Forgetting about modes for a moment, if someone wants to improvise over these repeating chords, say, a lead guitar or sax solo, the obvious way of doing it is by using notes of the C major scale. The key is C major throughout, so the notes of the C major scale will work well over both chords. When the C major chord is being played, the player can target and emphasise the root (and key note) C, as well the other chord tones of C major (E & G). Other scale notes will be included too but will usually be treated less importantly, such as dissonant passing notes between chord tones. When the chord changes to G7, the player will still keep the C major scale as their principal note source, but will switch emphasis and target the root and chord tones of G7, (G B D & F) all contained within the same C major scale and key.
Attaching modal names to guitar fretboard patterns in key-based music
Some guitarists prefer (or have been taught) to think of it differently. When the chord changes to G7, they will switch scale to the fretboard pattern that they have previously memorised as G Mixolydian. Now, G mixolydian, as mentioned above, happens to have exactly the same notes as C major. C major is CDEFGABC and G Mixolydian is GABCDEFG, so musically speaking, they're not really changing scale at all. They're still picking and choosing from the same set of notes in whichever order they like. Nobody listening would hear any difference apart from, perhaps, a shift of emphasis to the chord tones of G7.

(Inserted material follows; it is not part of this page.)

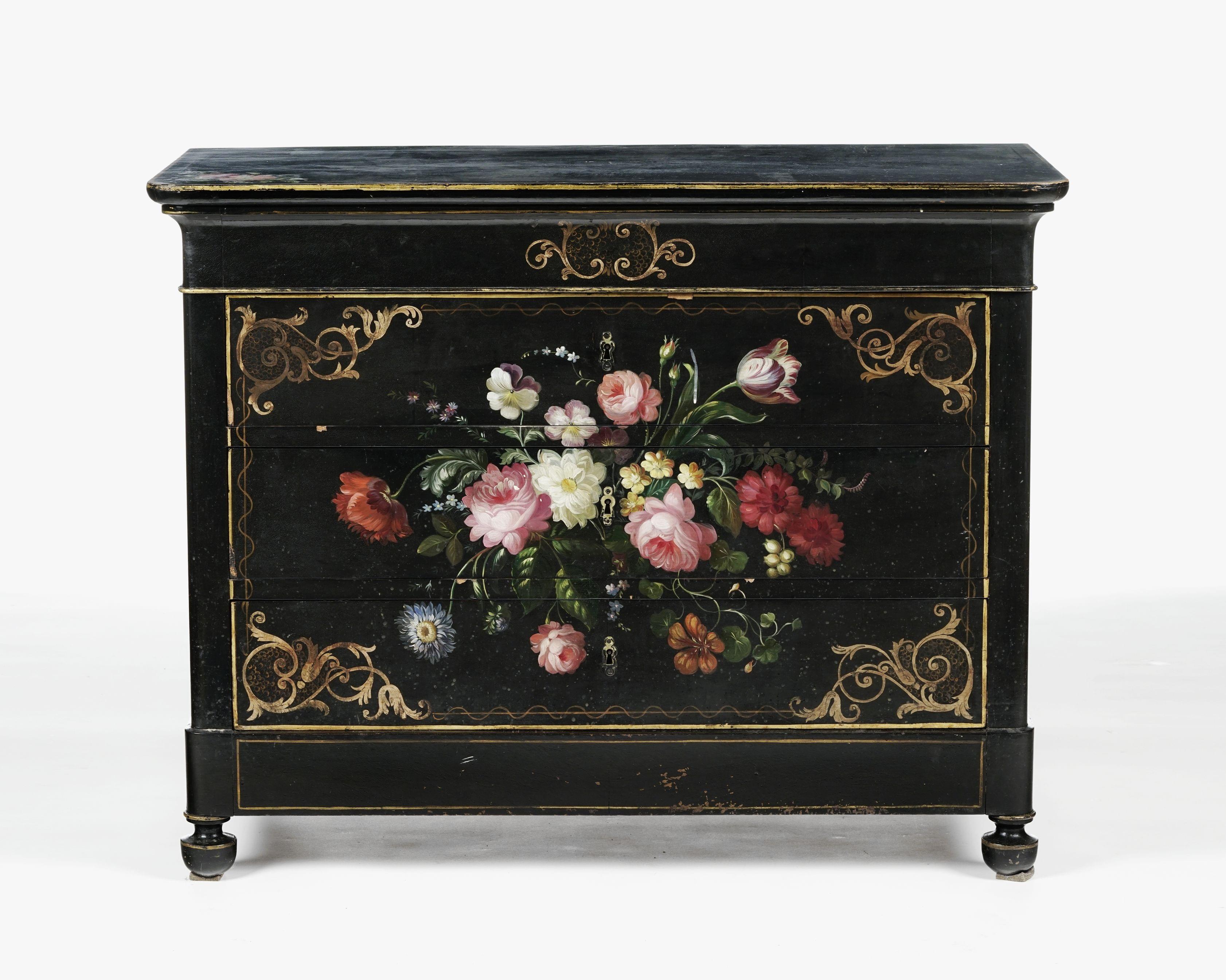 Bois laqué noir à décor peint de fleurs, quatre tiroirs, 90x115x56 cm

Rather than changing scale, what they're really doing is changing scale shape. Their memorised fretboard scale shape of G Mixolydian allows them to target and emphasise the root and chord tones (G B D & F) of G7 with a more efficient fingering. The C major scale shape was fine for improvising over C major, but may not be the ideal fingering for improvising over G7.
So Mixolydian’in this case is just a convenient label or memory aid, not to be confused with the Mixolydian mode of modal music. It may look like it and have exactly the same notes, but it won't sound like it, because it doesn't have the right tonal centre to actually be G Mixolydian. From a strict modal perspective, what they're playing is not the Mixolydian mode at all. It's just C major (but counted from G), as the song’s tonal centre throughout is C and not G, which is the true tonal centre of G Mixolydian.
Advanced players wouldn't think this way for such a simple example. They know the major scale too well to need to start giving its rotations different (and potentially misleading) names every time the chord changes to in-key chords. If they're using the major scale as their note source, they will automatically adopt whichever fretboard pattern of the major scale provides the best fingering and pitch range without calling it a mode.
They may think this way for improvising over songs with a lot of out of key chords, however, using the method known as the chord-scale method, which builds unique seven-note scales based on the chord tones plus notes that belong to the key.
Unfortunately, this 'convenient' label is the source of a lot of confusion. Many who learn (or teach) this method of applying mode names to different rotations of the major scale in key-based (not modal) music without first having some knowledge of how modes are used in modal music think that the modes are no more than the major scale starting from different scale degrees. I hope that this article has shown that they're much more than that.